Only the text belongs in the copy. Transcribe the data exactly and drop any pictures.

• _Data extract_:
▬▬▬▬▬▬▬▬▬▬

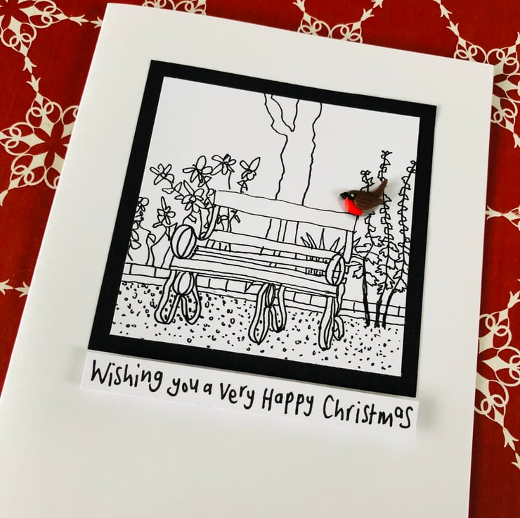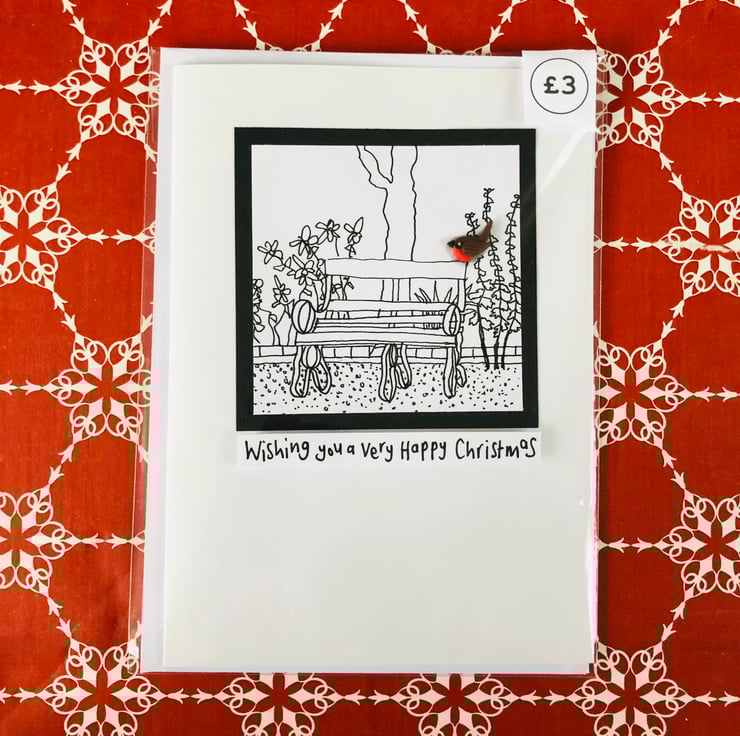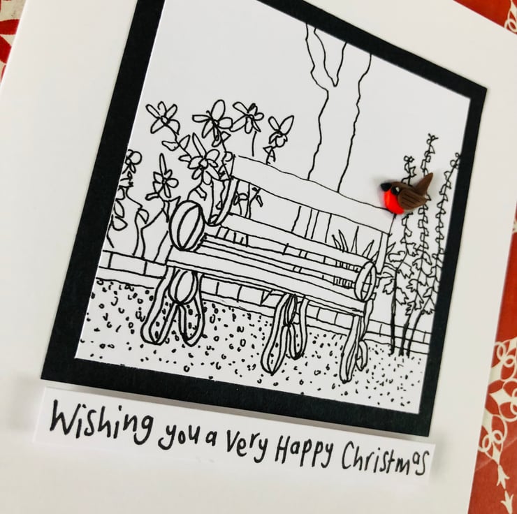 Inspired by walks in the countryside, this print/polymer clay mix card is a striking combination and a stand out on the shelf of cards with its handmade design. I love the way it carries an element of reflection, with the robin as a ray of hope in a colourless view.
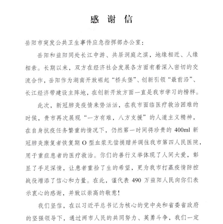 此次,新冠肺炎疫情来势汹汹,在我市面临医疗救治困难的时候,贵市再次展现“一方有难,八方支援”的人道主义精神,在自身抗疫任务繁重的情况下,仍然第一时间将珍贵的400ml新冠肺炎康复者恢复期O型血浆无偿捐赠并调往我市第四人民医院,用于重症患者的医疗救治。你们的善行义举体现了人间大爱,彰显了手足深情,让患者重拾了生的希望,更为我市打赢疫情防控战役增添了信心和力量。在此,谨代表490万益阳人民向你们表示衷心的感谢,并致以崇高的敬意!
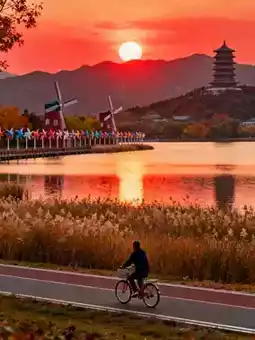 Yanqi Lake, 1.5 hours by car, is perfect for a light autumn getaway. Rent a bike and ride the 10 km lakeside path; windmills and reed beds sway in the autumn breeze. Rest at the viewing platform to watch flocks of wild geese skim the lake. The sunset paints the water golden-red, making every snapshot wallpaper-worthy.

▬▬▬▬▬▬▬▬▬▬

• _Problem solution_:
 Inspired by walks in the countryside, this print/polymer clay mix card is a striking combination and a stand out on the shelf of cards with its handmade design. I love the way it carries an element of reflection, with the robin as a ray of hope in a colourless view.
 此次,新冠肺炎疫情来势汹汹,在我市面临医疗救治困难的时候,贵市再次展现“一方有难,八方支援”的人道主义精神,在自身抗疫任务繁重的情况下,仍然第一时间将珍贵的400ml新冠肺炎康复者恢复期O型血浆无偿捐赠并调往我市第四人民医院,用于重症患者的医疗救治。你们的善行义举体现了人间大爱,彰显了手足深情,让患者重拾了生的希望,更为我市打赢疫情防控战役增添了信心和力量。在此,谨代表490万益阳人民向你们表示衷心的感谢,并致以崇高的敬意!
 Yanqi Lake, 1.5 hours by car, is perfect for a light autumn getaway. Rent a bike and ride the 10 km lakeside path; windmills and reed beds sway in the autumn breeze. Rest at the viewing platform to watch flocks of wild geese skim the lake. The sunset paints the water golden-red, making every snapshot wallpaper-worthy.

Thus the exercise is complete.